We know only the word of our Commander,
We know only obedience and duty.
We want to serve, to go on serving,
Until a little luck ends it all.
Hooray.”
When he is finished singing he declares, “No Jews know that today.” This is the key moment where I thought I was going to have to stop. I can’t tell you you’re going to enjoy this film - you are most certainly not - but it is vitally important. It took Lanzmann 11 years and a journey through 14 countries to make this film and you owe it to him and to the survivors of the Holocaust to see it, to briefly experience one of the worst moments in human history. It is estimated that before WWII there were almost 10 million Jews living across Europe and the USSR. About 6 million of them were estimated to be killed during the Holocaust. In Poland, over 90% of Jews were erased from history. The only way they will be remembered is with survivors testimony and films like Shoah.

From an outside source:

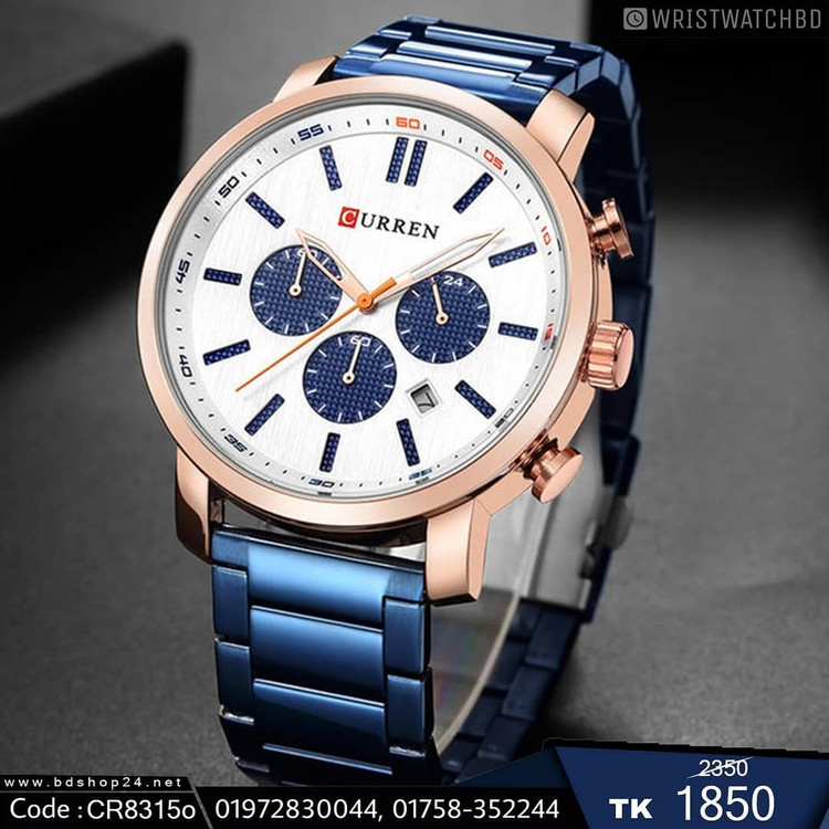 ### **مشخصات و ویژگیهای ساعت مچی مردانه CURREN 8315** **⌚ ساعتی شیک و جذاب مخصوص افراد خاصپسند** ✔ **سه موتور فعال** ✔ **فول تایم** (تمام عقربهها فعال) ✔ **نمایش ساعت ۲۴ ساعته** ✔ **دارای روزشمار** ✔ **کرنوگراف (Chronograph)** – قابلیت اندازهگیری زمان ✔ **قاب و بند فول استیل** – مقاوم و بادوام ✔ **رنگ ثابت** – مقاوم در برابر تغییر رنگ و زنگزدگی ✔ **شیشه کریستال ضدخش** – محافظت در برابر خط و خش ✔ **قطر صفحه:** ۴۷ میلیمتر – مناسب برای استایلهای اسپرت و رسمی ✔ **قفل استیل حکشده** – امنیت بالا و طراحی شیک ✔ **مقاومت در برابر آب:** **3ATM** (تحمل پاشش آب، مناسب برای شستوشوی دست، اما مناسب برای شنا نیست) ✔ **همراه با کارت گارانتی ۱ ساله** ✔ **جعبه اصلی CURREN** **یک انتخاب ایدهآل برای آقایان خوشسلیقه که به استایل و کیفیت اهمیت میدهند.**
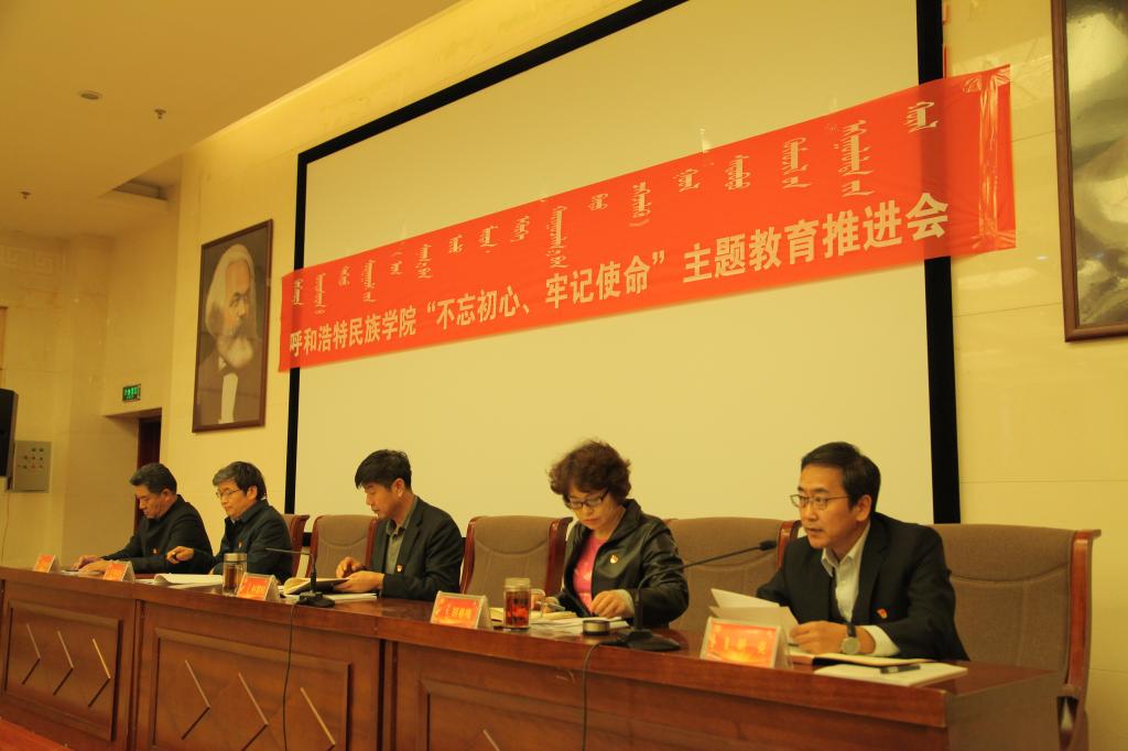 為進一步深入貫徹落實習近平總書記關于主題教育的重要講話、重要指示精神,貫徹落實中央和自治區第二批主題教育推進會精神,經報請自治區第二批主題教育第九巡回指導組同意,10月17日下午,學校在學習大講堂召開“不忘初心、牢記使命”主題教育推進會。校黨委書記孫國權,黨委副書記胡春梅,黨委委員、副校長阿拉坦倉,黨委委員、副校長賀希格吉雅,黨委委員、紀委書記朝克出席會議,副處級以上干部、各黨支部書記參加會議。會議由學校主題教育領導小組副組長、紀委書記朝克主持。

Fortunately Masters of Cinema has released an excellent 4-disc collection and Criterion is rumored to release a version sometime this year. Shoah was recently re-released to limited theatres by IFC and this year Lanzmann is going to be awarded an honorary Golden Bear at the 63rd Berlin International Film Festival. Lanzmann’s work has been celebrated with many awards over the years, a teaching position at the European Graduate School, and a French Legion of Honor. His family was forced to go into hiding in Paris during WWII and he joined the French resistance. He has made other documentaries about the Holocaust, such as Pourquoi Israël (1973), about the founding of a Jewish state, Sobibor, 14 octobre 1943, 16 heures (2001), about the revolt in Sobibor, and several others. He is currently the chief editor of Les Tempes Modernes, a journal founded by Jean-Paul Sartes and Simone de Beauvoir and he recently released his memoirs, Le lièvre de Patagonie.

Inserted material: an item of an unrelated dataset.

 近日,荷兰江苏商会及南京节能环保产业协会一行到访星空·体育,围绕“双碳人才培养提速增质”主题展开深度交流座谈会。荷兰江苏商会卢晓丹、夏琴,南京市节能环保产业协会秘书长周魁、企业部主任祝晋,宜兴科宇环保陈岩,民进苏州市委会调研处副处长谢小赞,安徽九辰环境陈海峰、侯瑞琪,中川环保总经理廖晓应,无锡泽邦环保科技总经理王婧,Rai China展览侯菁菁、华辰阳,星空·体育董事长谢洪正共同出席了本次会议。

“Making a history was not what I wanted to do. I wanted to construct something more powerful than that.” – Claude Lanzmann
Despite its lengthy running time, Shoah is not able to cover the enormous range of Holocaust experience. The experience of homosexuals, Roma, political prisoners, priests, and Jews in the work camps are not covered. We don’t learn about other ghettos, the horrific camps in Yugoslavia, the tattooing process, Jews in hiding, or more controversial subjects like rape. Post-war experiences such as displacement camps and the founding of Israel are also ignored. If you want to learn more, visit the USC Shoah Foundation online, the D.C. Holocaust Memorial Museum or Yad Vashem in Israel. Learn about the many films, books and works of art dedicated to and inspired by the Holocaust. Learn about the brave survivors and the rare, brave people who risked life and limb for friends, neighbors or complete strangers, such as Chiune Sugihara, who is being honored today. While governments sat back for years and did nothing to stop the wholesale, industrialized murder of millions of people, individuals like Sugihara and the more famous Oskar Schindler, rescued thousands. Sugihara, a Japanese diplomat, stayed up nights with his wife writing fake passports and rescued 6,000 Jews. That, to me, is the meaning of bravery and humanity.